16/03/2026
Who wants to be my next ex-husband?
Twelve years is the longest I’ve ever lasted. Twelve years for a relationship, twelve years for a company. It’s my internal shelf life, the time it takes for my curiosity to exhaust a landscape.
After that, everything starts to shrink, as if cities, houses, and chapters came with a built-in countdown.
I’m not sure if it’s a problem with endings or a devotion to beginnings.
Even when I got married, I wasn’t looking for “forever.” I was in love and I wanted to celebrate it. Marriage was just that: a party, a gesture, a way of saying this exists now and wanting to share it with the people I love.
But I struggle with standing still.
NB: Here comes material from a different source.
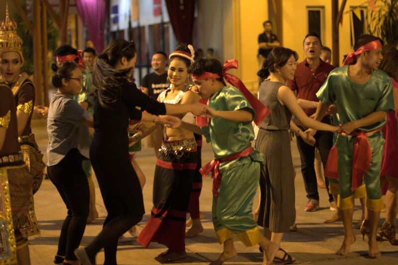 第一天早上七點鐘,大家搭乘旅游大巴前往寧波機場,一路上歡聲笑語,甚是融洽!中午12:30,航班準時起飛,經(jīng)過長達四個半小時的飛行到達曼谷廊曼機場。一出機場,熱情的泰國妹子為我們戴上鮮花,并對我們說一句“薩瓦迪卡”,意為祝福平安。隨后當?shù)氐膬晌粚?dǎo)游帶領(lǐng)我們分別上了兩輛大巴,經(jīng)過近一個小時的車程,我們到達第一站——暹羅夢幻劇場,在這里我們和大象合影,并欣賞了泰國獨特的民族風(fēng)情舞蹈。之后,進入泰國規(guī)模最大的宏偉華麗劇院觀賞世界級的泰國藝術(shù)和文化遺產(chǎn)表演,深入地了解泰國四個朝代和各個部域民村的“泰國農(nóng)村”生活、傳統(tǒng)、文化以及藝術(shù)和手工藝。

Karen would say I’m a dopamine ju**ie.
People often ask me a question that always catches me off guard: “How long are you in Barcelona for?”
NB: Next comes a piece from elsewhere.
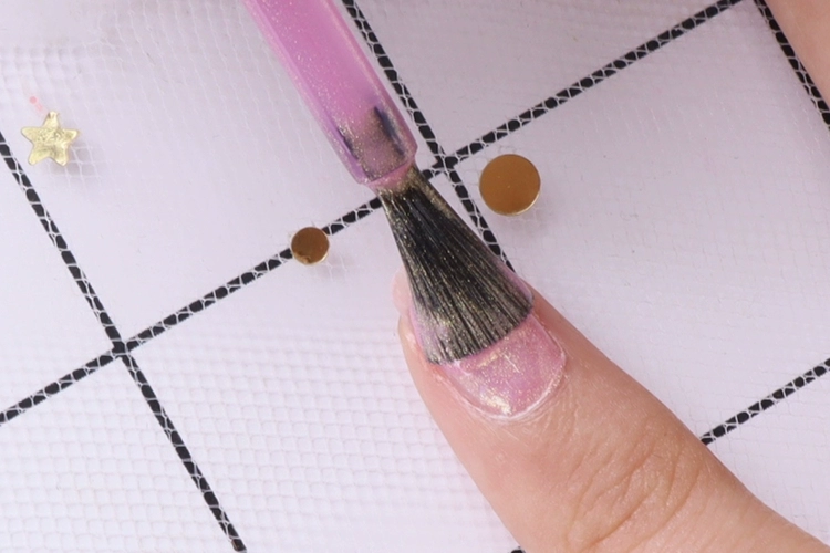 取一枚带有闪片甲油,薄薄的带过整个夹面,并用棉棒或是牙签将其中的亮片放置在两个颜色的交界处,皆可呈现整个造型的精致亮点。

As if I’m always just passing through. As if staying were an anomaly rather than a choice.
I don’t see life as a straight line, a series of milestones to be checked off until a final destination justifies the journey. As long as I have my health, I feel I can start over as many times as I want. And that, apparently, makes people more uncomfortable than I expected.
In my early twenties, a numerologist told me she saw an obsession with freedom in my life, but also a certain fear. At the time, I thought she was a fraud. Years later, I’m not so sure.
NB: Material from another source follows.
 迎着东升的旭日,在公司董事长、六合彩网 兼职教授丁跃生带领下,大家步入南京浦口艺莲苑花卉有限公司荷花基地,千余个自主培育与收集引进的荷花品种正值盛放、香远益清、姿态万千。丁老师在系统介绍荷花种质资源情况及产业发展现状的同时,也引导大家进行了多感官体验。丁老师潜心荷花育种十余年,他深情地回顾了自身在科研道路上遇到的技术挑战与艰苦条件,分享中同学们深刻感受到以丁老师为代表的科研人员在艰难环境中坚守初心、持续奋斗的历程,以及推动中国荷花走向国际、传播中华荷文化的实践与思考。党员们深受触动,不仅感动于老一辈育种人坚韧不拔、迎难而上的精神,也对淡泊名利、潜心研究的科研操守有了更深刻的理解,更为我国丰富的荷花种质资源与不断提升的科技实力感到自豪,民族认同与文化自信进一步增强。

There is a very specific anguish in not having a script. We crave freedom, but we are terrified of sustaining it. We seek it, we idealize it, and then, almost instinctively, we try to hand it over to someone or something that can relieve us of the weight of choosing.
It took me years to realize it wasn’t just a personality trait; it was the classic fear of freedom. Thanks, Erich Fromm, for ruining my excuse.
And yet, I choose it anyway. Every single day. And yes, it’s a heavy thing to carry.